"Montfermeil? Is that what he said?"
"'Course. Didn't you hear him?"
A wall of silence cam between the two sisters. Neither dared to speak a word.
Eponine walked back out of the street, and around the corner. She casually went back to where they were supposed to be waiting for Gavroche. The marks in the snow were still visible, and she went to sit down. She was so deep in thought that she did not even notice a man hurrying briskly through the street. He knocked into her, and she just managed to put a foot down to stop herself from falling. She turned angrily towards the man, but he had not stopped, so he was already a considerable distance down the street. She sat down on the side of the street.
Azelma did not sit. She paced anxiously, taking few steps in one direction before turning to the next. Her face was all that was needed to speak of her anxiety.
"Montfermeil," Eponine muttered thoughtfully. She raised her voice so that Azelma could hear, "I never expected to hear of that place again. It's odd, the way places can disappear from your mind. Seems like a different world."
Silence returned. Montfermeil, where they had been born, hardly had ever been mentioned since the day they had come to Paris. It was a small village, surrounded by woods and fields. The water had come from a well, and there were few shops. It was different from Paris in so many ways. The two had adjusted to Paris, and the ways of life in the city. They had moved from a land of dusty paths and trees to a world of stone and brick.
But the worldly difference between where Eponine had once lived and where she lived now did not come from the places themselves. It came from herself. There had been a large change within her when she had moved.
The memories were blurred, as if she was looking through smoke. She remembered some things in such detail, but others were misted, and fragmented like pieces of glass. Those were fragmented so much that they looked as if they could shatter any minute. Some, though, were clear. She could remember the noise from the tables of the inn clearly. There were always the usual drunkards, the regulars who came to spend times away from theirs families. There were the casual travellers who talked and laughed, the person who came to drink away his depression, there was always one person who complained about the noise and accommodation of the inn, and then there were always the quiet people who never spoke loudly, but emitted grumbles about the prices. Living in an inn, she grew used to strangers and noise, and it had prepared her for moving to Paris.
Eponine had not been deprived as a child. In fact, she had not been aware of the growing dept, like a tower being added to each day, which surrounded threateningly her parents' business. The dept had engulfed them, and sent them away to Paris. The living her parents had made, although her father overcharged greatly, had been a normal job. They had a place in society. The police had no need to track them, as they were only doing their job, and because only a fool would complain to the police about being overcharged, however great the cost was. When she was younger, she had unconsciously met cruelty when she had used it as a weapon against the Lark, but now she met with the other side of cruelty. The harsh streets of Paris victimised her, and had no mercy.
"Well?" Azelma sat down beside her sister. She winced as the cold of the snow bit through her skirt.
"Well what? There's nothing to say about it, is there?"
"I mean… the illness. Oh, I don't know what I mean."
A voice came from a short way off. The voice was singing. The song was cheerful, and was not in the voice of a man, but a young boy. It was a voice which the two girls knew.
Gavroche came towards his sisters, but when Azelma scrambled up and walked over to him, Eponine glared. He shrugged, and motioned down the street. Without waiting for them, he began to walk, with a grin on his face.
"Gavroche! Where've you been?" Azelma asked, "We waited for you the whole time. Well, we did do something, after all." Her tone became firmer, "why did you just go off like that? We could have gone with you, or—"

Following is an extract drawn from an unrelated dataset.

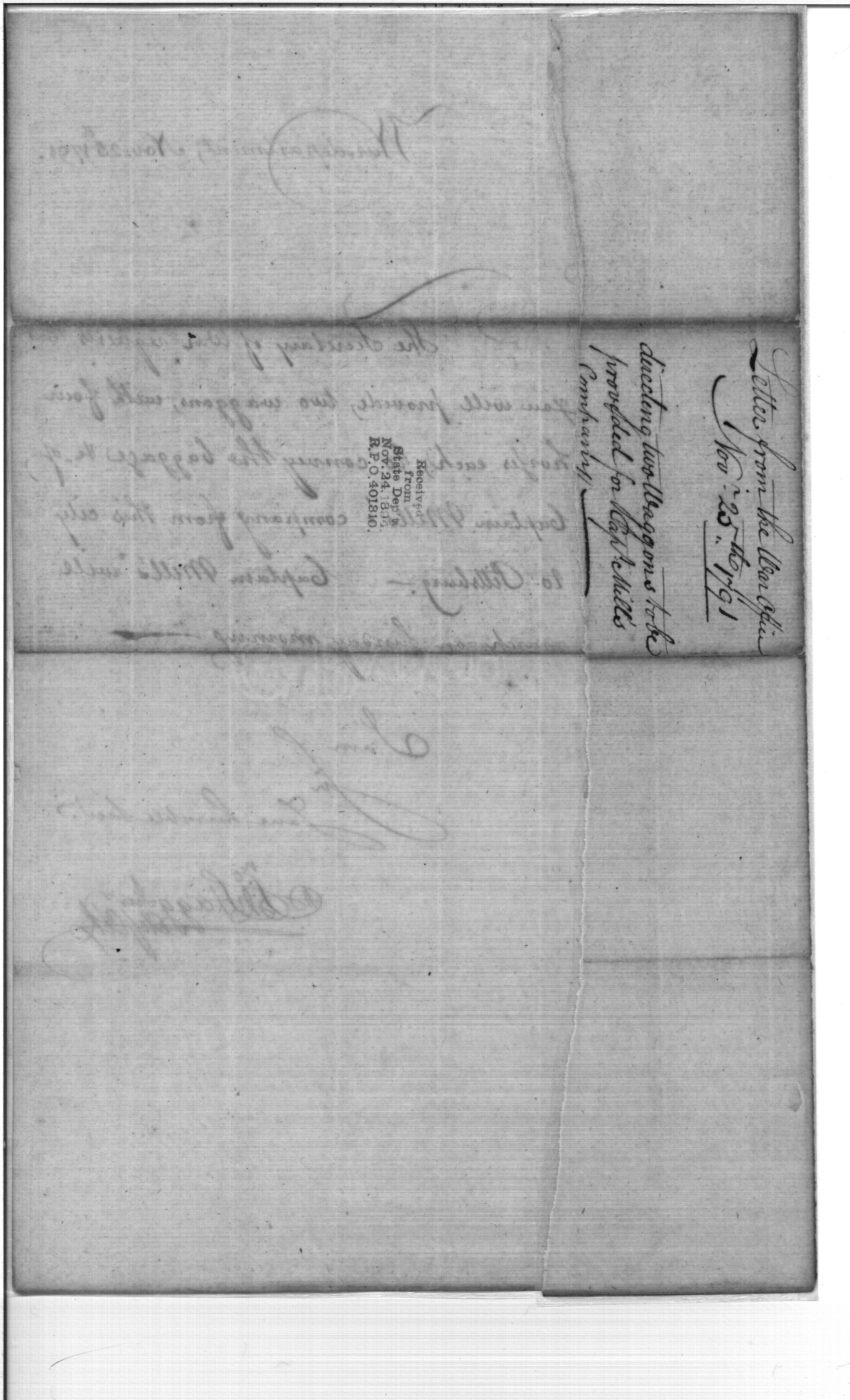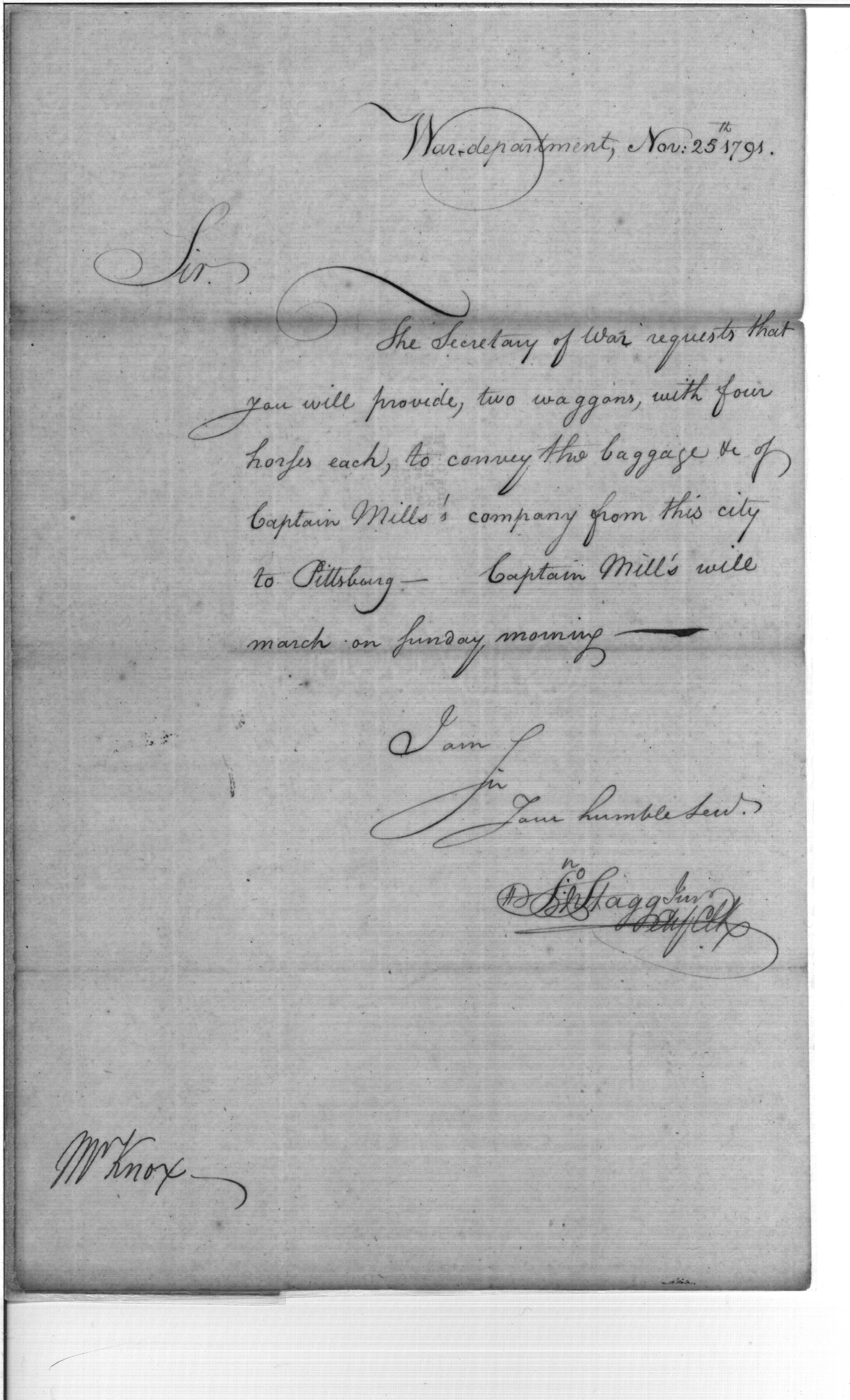- Document: Requests Two Wagons with Horses for Captain Mills

"—why'd you leave?" Eponine interrupted. She kept the same constant glare, focused on her brother.
"Huh?" Gavroche paused, "you wouldn't have done nothing where I went."
"You should have told us where you were going. So tell us now."
Azelma turned. Eponine had neither moved nor spoken. She stood up, taking her time, and turned away.
"Come on," Gavroche called, slightly too loudly, "this is the story: I went to the end o' the street, and turned a couple of corners. I've been here a couple of times, and there was an old shop I knew. You not listening? Fine," he turned towards Azelma, and spoke to her, "I found the shop a while back. I thought 'if it's the same man there as before, then I may as well pay him a visit.' Yeah, 'e's still there and he sells bread an' stuff. He didn't remember me, the old lazy man, so I decided to remind him."
And then the gamin held out a loaf of bread. It was thin, but a good size, and just wide enough for the boy to put both hands around it and touch the tips of his fingers.
"Convenient, that," he added, "The way them shopkeepers like to put their finest stuff at the front. He was just a bit fat, so I thought I'd help 'im out."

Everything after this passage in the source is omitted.